GALAHERANG, PustakaJC.co - Di sebuah pedukuhan kecil yang dahulu penuh kehidupan, kini hanya tersisa rumah-rumah kosong dan kenangan masa lalu. Pacinan, bagian dari sejarah keberagaman di desa ini, perlahan memudar seiring berjalannya waktu.
Pacinan begitu warga desa menyebutnya. Sebuah pedukuhan kecil yang dahulu dihuni sekitar 20 kepala keluarga keturunan Tionghoa. Rumah-rumah dengan arsitektur khas, tokoh-tokoh lokal seperti Babah Kantoa, Kui Chi, dan Eng Shang, serta tradisi yang melekat, menjadikan Pacinan bagian penting dari sejarah desa.

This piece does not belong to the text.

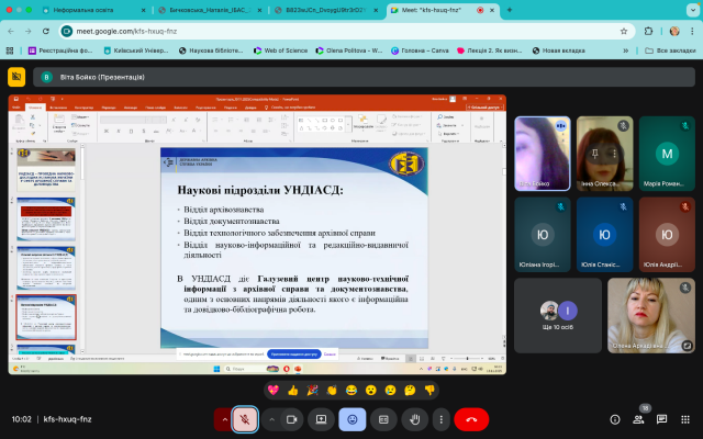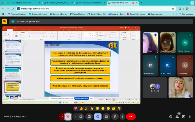 Лектор презентувала низку актуальних для архівної галузі теоретико-практичних аспектів, над вирішенням яких працює УНДІАСД, висвітлила основні напрями діяльності установи, зосередила увагу на розробленні важливих для України національних стандартів та методичних рекомендацій, що регулюють аспекти зберігання, публікації архівних документів, термінологічного забезпечення галузі, на збереженні електронних та цифрових аудіовізуальних документів, на упровадженні електронних послуг в архівних установах України, на роботі архівних установ в умовах особливих правових режимів. Виняткову зацікавленість і додаткові запитання у викладацько-студентської аудиторії викликала ініціатива УНДІАСД щодо регламентації процесів документування подій широкомасштабної збройної агресії РФ проти України. Прозвучали запитання про міжнародну співпрацю УНДІАСД, про доступність для студентської аудиторії навчально-методичних архівознавчих комплексів, розроблених співробітниками установи тощо.

Dilansir dari kemenag.go.id Minggu, (30/3/2025).
“Dulu saat Imlek, pedukuhan ini sangat meriah. Lampion digantung di depan rumah, aroma dupa memenuhi udara, dan anak-anak berebut angpau,” kenang Warto (67), salah satu warga yang masih tinggal di desa itu.
“Sekarang, semua berubah. Pacinan sepi, rumah-rumah kosong, banyak yang sudah pindah.” Tambahnya.